REGGIE VOIGTLÄNDER





Photo‑based Digital Work

A selection of digitally altered photographic works derived from actual situations or events. These works function as post‑material propositions, where documentation becomes material for new spatial and conceptual realities.



Niche

Niche is a series of photo‑based digital paintings derived from a single photograph taken after a site‑specific intervention. Each iteration applies a new surface to the original image, giving the niche a different presence or emotional charge. The work examines how shifts in light, colour and digital treatment alter our perception of the same architectural situation.

The ten variations are brought together in a square artist’s book (10 × 10 cm), where each image functions as a distinct spatial proposition. Through repeated reconfiguration, the niche moves from a concrete location to a set of possible manifestations. During its presentation, the work was shown within the architectural context from which it emerged, allowing the dialogue between the physical site and its digital transformations to become directly perceptible.

view project →




Cornered

'Cornered' originates from a single photograph taken during a residency at the Chinese European Art Center in Xiamen. The image is digitally reconfigured by mirroring one half of the frame, producing a spatial construction that appears plausible at first glance yet does not exist in the physical world. The resulting box‑like formation suggests enclosure and inevitability: a situation that folds back onto itself and offers no exit.

The digital intervention transforms the photograph from documentation into a constructed spatial proposition. The mirrored structure generates a self‑contained reality in which the internal logic of the image overrides the conditions of the original scene. In this way, Cornered operates within the post‑material dimension of the practice, where manipulation becomes a method to reveal latent tensions and to articulate the psychological and socio‑political pressures embedded in the context from which the image emerged.

A small version of this work was presented as part of total installation '40 Titles' (I) in the gallery of CEAC (2014).

In 2015 a large version was part of total installation '40 Titles II', Cacaofabriek, Helmond, NL.

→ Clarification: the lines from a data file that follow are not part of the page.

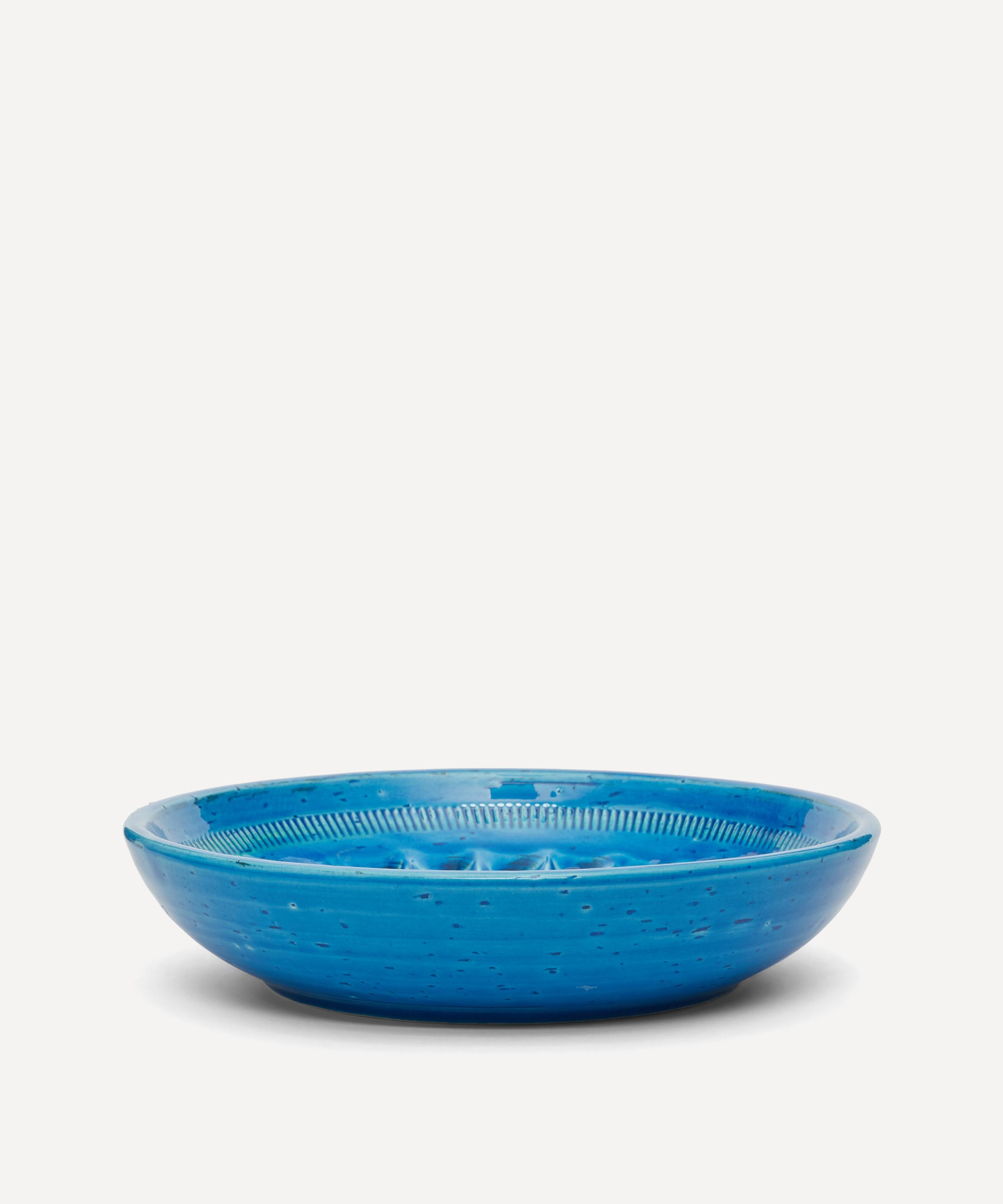 Bitossi’s dish is a member of the Italian brand’s iconic Rimini Blu ceramic series – each glazed a distinctive blue, and decorated with a frieze of abstract geometric imprints.
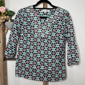 Boden Geometric Medallion Print Cotton 3/4 Sleeve Blouse Size 4
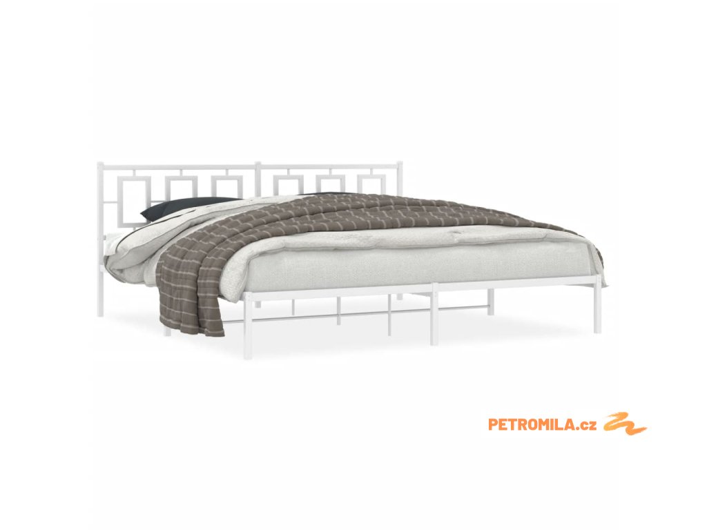 Kovový rám postele s čelem bílý 200 x 200 cm
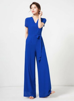 オールインワン レディース かっこいい パンツドレス パーティードレス 袖あり 結婚式 お呼ばれ ドレス パンツ 大きいサイズ 3L 4L 5L 黒 ジャンプスーツ ウエストリボン 半袖 通勤服 オフィス シンプル 20代 30代 40代

2018 - 2018 during solo exhibition 'A moment in the process', Academisch Genootschap, Eindhoven.




Two Sides

Two Sides brings together two photographs taken from opposite viewpoints of the same situation. Placed side by side, the images appear to form a corner, a spatial suggestion that implies the possibility of moving around or beyond the scene. This sense of openness is deceptive: looking closely, it becomes clear that the corner is merely an illusion created by the juxtaposition of two separate photographs.

The work plays with the act of viewing from two sides, exposing how perspective shapes interpretation. By presenting both viewpoints simultaneously, Two Sides shifts attention from the depicted objects to the conditions of looking itself. The image‑object does not construct a new space; it reveals how easily the mind assembles one. In this way, the work underscores the instability of spatial perception and the subtle power of framing.




Red Garden Series

One of a series of digitally modified photographs reflecting on the landscape and city of Xiamen, functioning as tokens for the city and for the universal ways people anchor meaning in their surroundings. The work is presented in photo frames with an acrylic finish, arranged like family photographs or markers of meaningful life events.

The arrangement was first shown as part of the total installation 40 Titles (I) at the gallery of CEAC in Xiamen, China, in 2014. In 2015 the works were included in the sculptural multimedia installation The Columbarium, where they were placed on a large structure of tables representing housing structures and the lives within the city.

In 2018–2019, this particular piece was presented again during the artist’s first retrospective exhibition A Moment in the Process at the Academisch Genootschap in Eindhoven, NL.




Red River

Red River marks an early moment within the post‑material trajectory of the practice. The work is based on an online‑circulating photograph of a strikingly red river in China, likely discoloured by industrial pollution. Through digital intervention, the image is opened and destabilised: spiral distortions cut through the surface and introduce a new visual logic within the photographic field.

In Red River (I) the intervention remains close to the original image; in Red River (II) multiple circles are layered into a landscape that expands the scale of the work. The series connects to the conceptual line developed in Move and Nadir, where transformation and reconfiguration generate new readings of existing material.

Red River is part of the broader research project 40 Titles.




'Nadir II'

One of a series of photographs developed during an artist residency at the Chinese European Art Center (CEAC) in Xiamen, China. The images capture the natural principle of the lowest point, emphasised through selective colour treatment.




Red Earth

Red Earth was developed during a residency in Xiamen, China, undertaken as part of a self‑initiated research project into intercontinental relations shaped by trade, wealth and socio‑political conditions. Here digital modification is used to visualise hidden powers and structures and tangible tensions related to that.

The triptych was first presented in the exhibition 40 Titles at CEAC in 2014. In the subsequent installation 40 Titles II (Cacaofabriek, 2015), one of the photographs was replaced by The Entrance (II), extending the series into larger perspex‑based image objects.